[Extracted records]

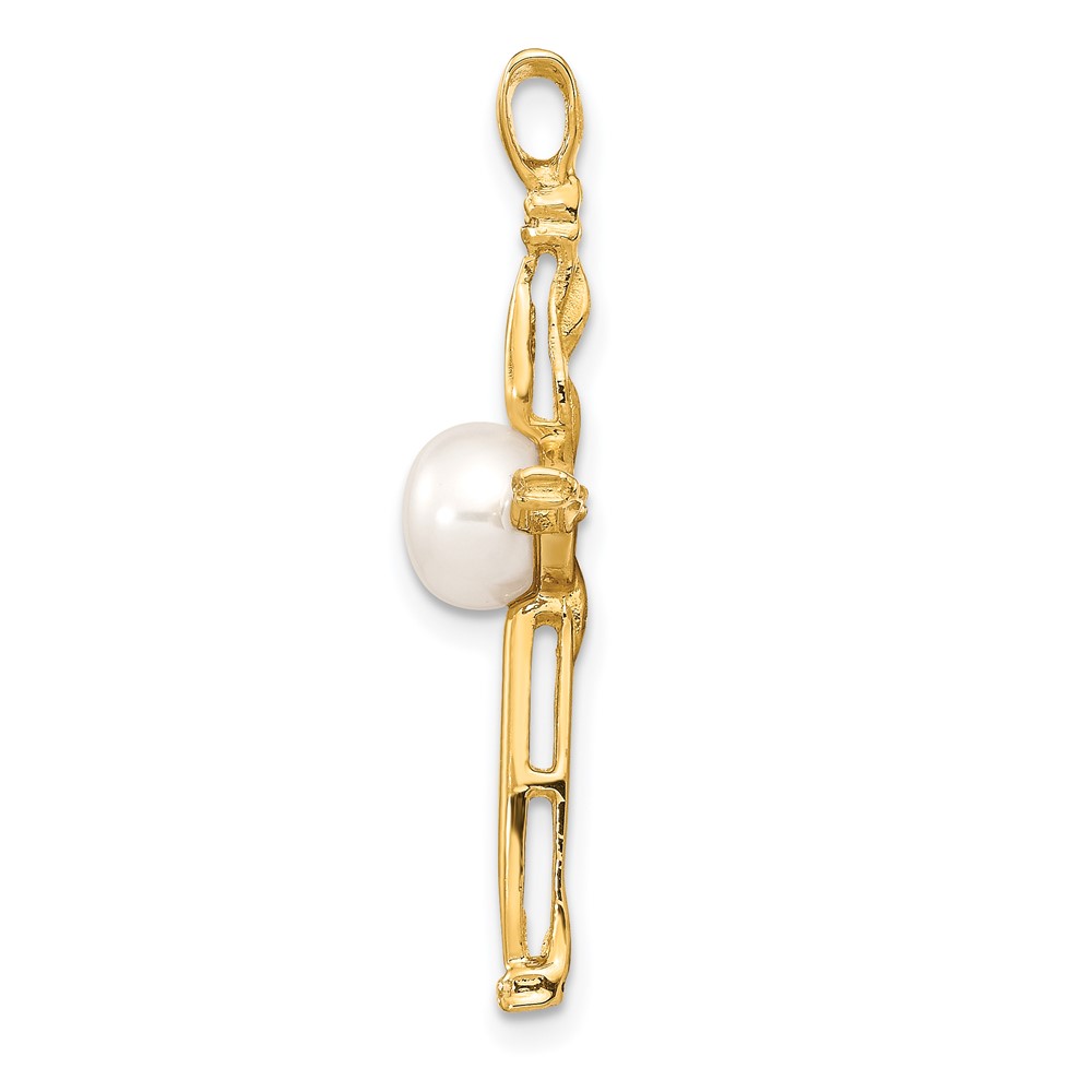 14k 6-7mm White Button Freshwater Cultured Pearl and .02 Carat Diamond Cross Pendant
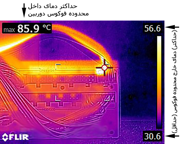 در تصاویر بالا نیز دمای همان دو پین نام برده را در ناحیه اتصال به کانکتور 24Pin مادربرد مشاهده میکنید. طبق تصویر، دمای ثبت شده در این بخش نیز مرز 80 درجه سانتیگراد را رد کرده است.
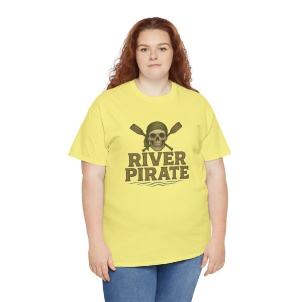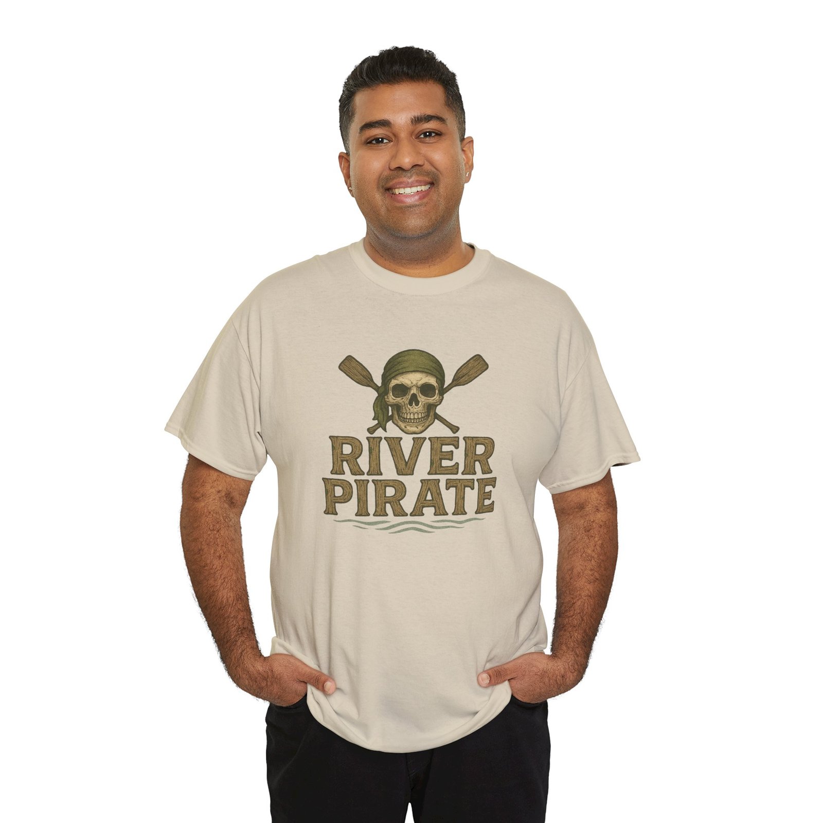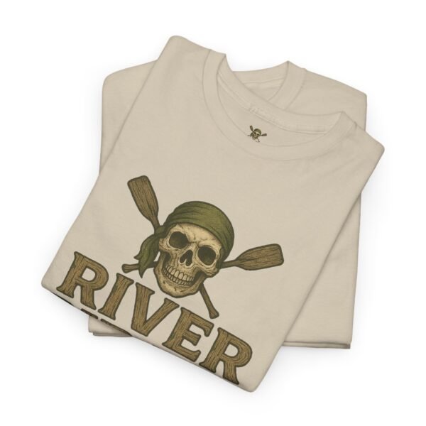 DESIGN: A classic fit tee featuring a skull wearing a bandana with crossed oars behind him and waves. The text, “RIVER PIRATE” in in browns and greens, to look like worn driftwood. Super cool creek style. The design is on the front. In your choice of tee color. Just plain fun for anyone who loves this river lifestyle. Ideal for casual wear, canoeing or boating, 4th of July get togethers, summer bbqs, Father’s Day, Mother’s Day, and birthdays. We hope you love it!
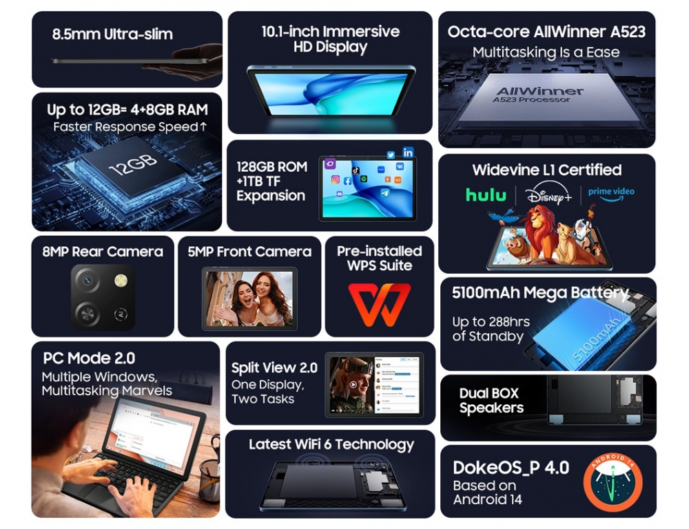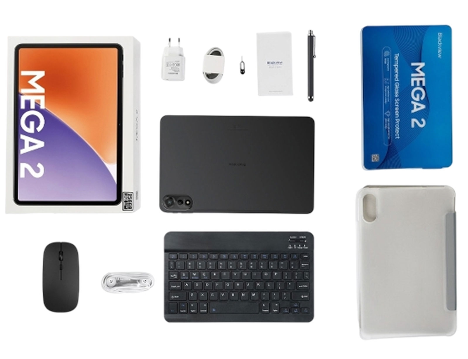 SET Tablet 12'' BlackView MEGA 2 (12GB/256GB) Wi-Fi & 4G - Grey, Με Πληκτρολόγιο, Ποντίκι, Θήκη, Ακουστικά, Στυλό και Προστατευτική Ταινία Οθόνης
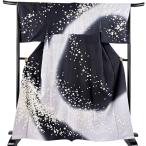 訪問着 身丈164cm 裄丈66cm M 袷 桜 花弁 刺繍 金糸 黒 正絹 逸品 中古
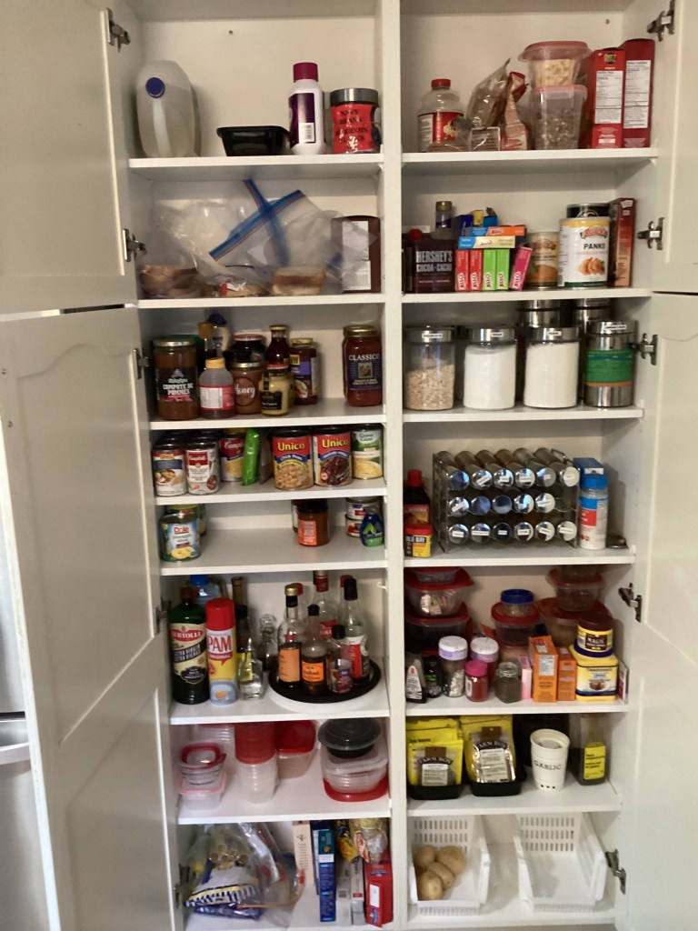 Today we decided to re-organize our kitchen pantry in preparation for the new cupboard doors coming next week. We took everything out and placed everything on the dining room table.
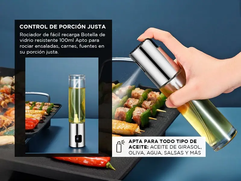 El Spray de Aceite Gadnic es un accesorio esencial para tu cocina, diseñado para facilitar la aplicación uniforme de aceites en tus preparaciones culinarias. Con su diseño elegante y moderno, este spray es tanto funcional como estéticamente agradable.
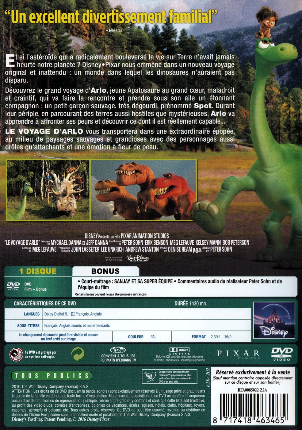 Et si la catastrophe cataclysmique qui a bouleversé la Terre et provoqué l'extinction des dinosaures n'avait jamais eu lieu ? Et si les dinosaures ne s'étaient jamais éteints, et vivaient parmi nous de nos jours ? Arlo, jeune Apatosaure au grand coeur, maladroit et craintif, qui va faire la rencontre et prendre sous son aile un étonnant compagnon : un petit garçon sauvage, très dégourdi, prénommé Spot.
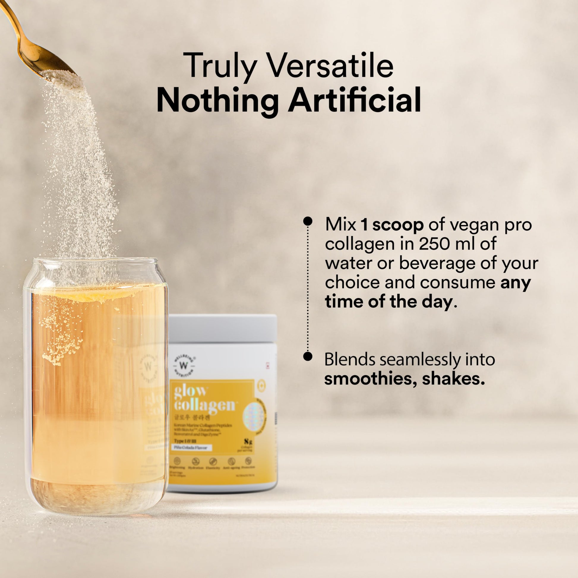 Wellbeing Nutrition Glow Collagen with Glutathione | Collagen Supplements for Women & Men | Marine Collagen Powder with SkinAx², Resveratrol, Bromelain & Goji Berry | 250g - Pina Colada Flavor
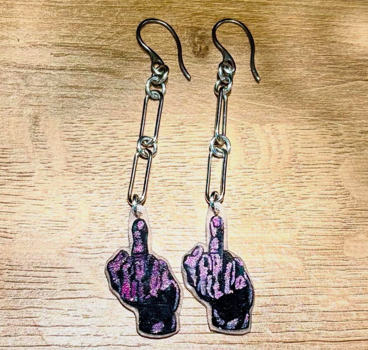 Chained Middle Finger EARRINGS by ThEm's
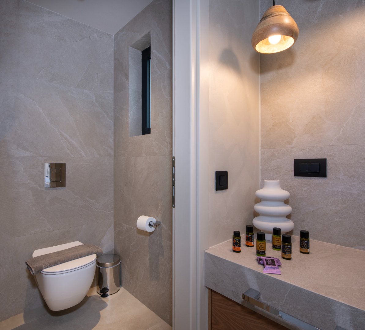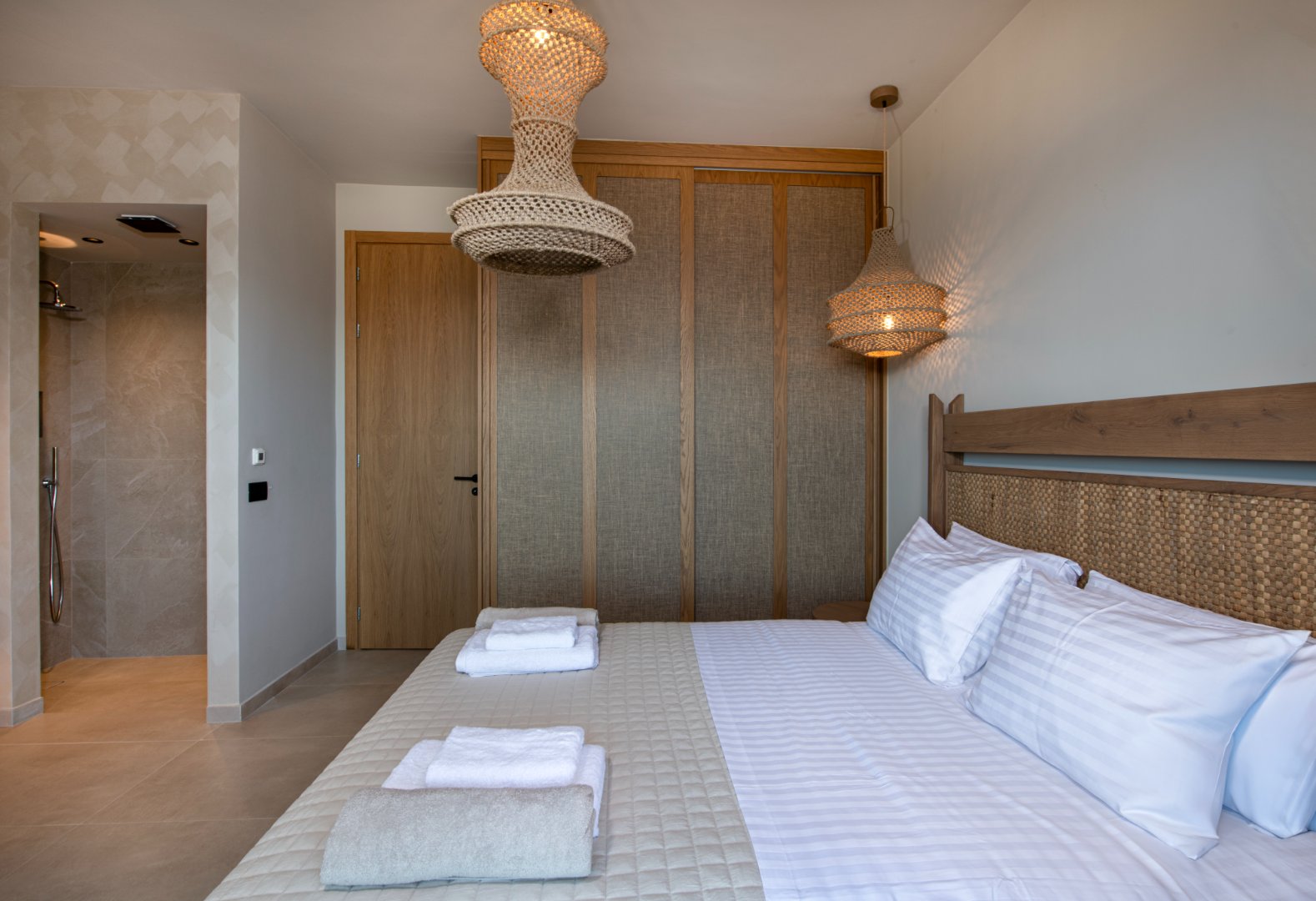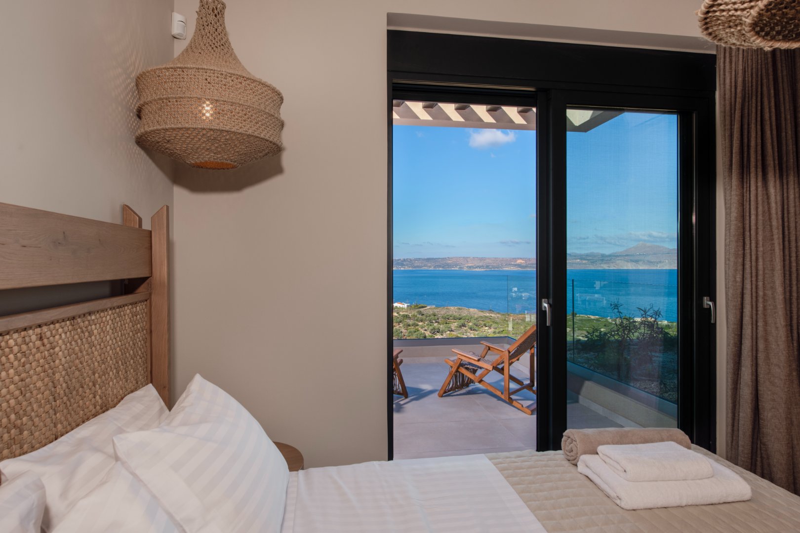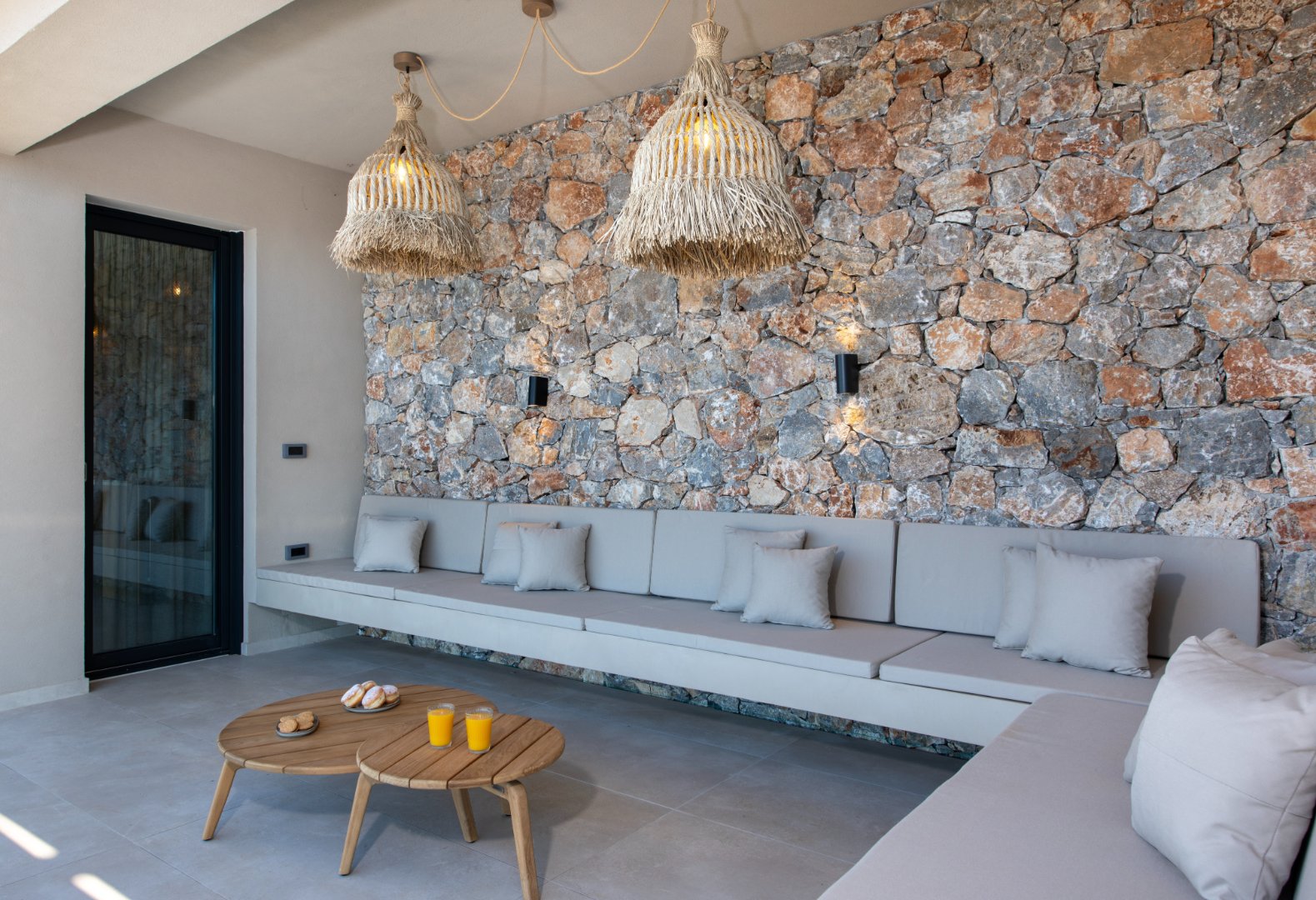 Step outside to your private oasis and soak in panoramic sea and sunset views that stretch across the bay. The spacious outdoor area features a private heated pool (available at an extra cost) equipped with Hydromassage jets, providing the perfect spot to unwind after a day of exploring Crete’s coastline.

TASK REQUIREMENTS: Out of the records above, please copy exactly the lines from the line with "در تصاویر بالا" up to and including the line with "訪問着 身丈164cm 裄丈66cm M 袷 桜 花弁 刺繍 金糸 黒 正絹 逸品 中古", minus the pictures.

RESULT:
 در تصاویر بالا نیز دمای همان دو پین نام برده را در ناحیه اتصال به کانکتور 24Pin مادربرد مشاهده میکنید. طبق تصویر، دمای ثبت شده در این بخش نیز مرز 80 درجه سانتیگراد را رد کرده است.
 DESIGN: A classic fit tee featuring a skull wearing a bandana with crossed oars behind him and waves. The text, “RIVER PIRATE” in in browns and greens, to look like worn driftwood. Super cool creek style. The design is on the front. In your choice of tee color. Just plain fun for anyone who loves this river lifestyle. Ideal for casual wear, canoeing or boating, 4th of July get togethers, summer bbqs, Father’s Day, Mother’s Day, and birthdays. We hope you love it!
 SET Tablet 12'' BlackView MEGA 2 (12GB/256GB) Wi-Fi & 4G - Grey, Με Πληκτρολόγιο, Ποντίκι, Θήκη, Ακουστικά, Στυλό και Προστατευτική Ταινία Οθόνης
 訪問着 身丈164cm 裄丈66cm M 袷 桜 花弁 刺繍 金糸 黒 正絹 逸品 中古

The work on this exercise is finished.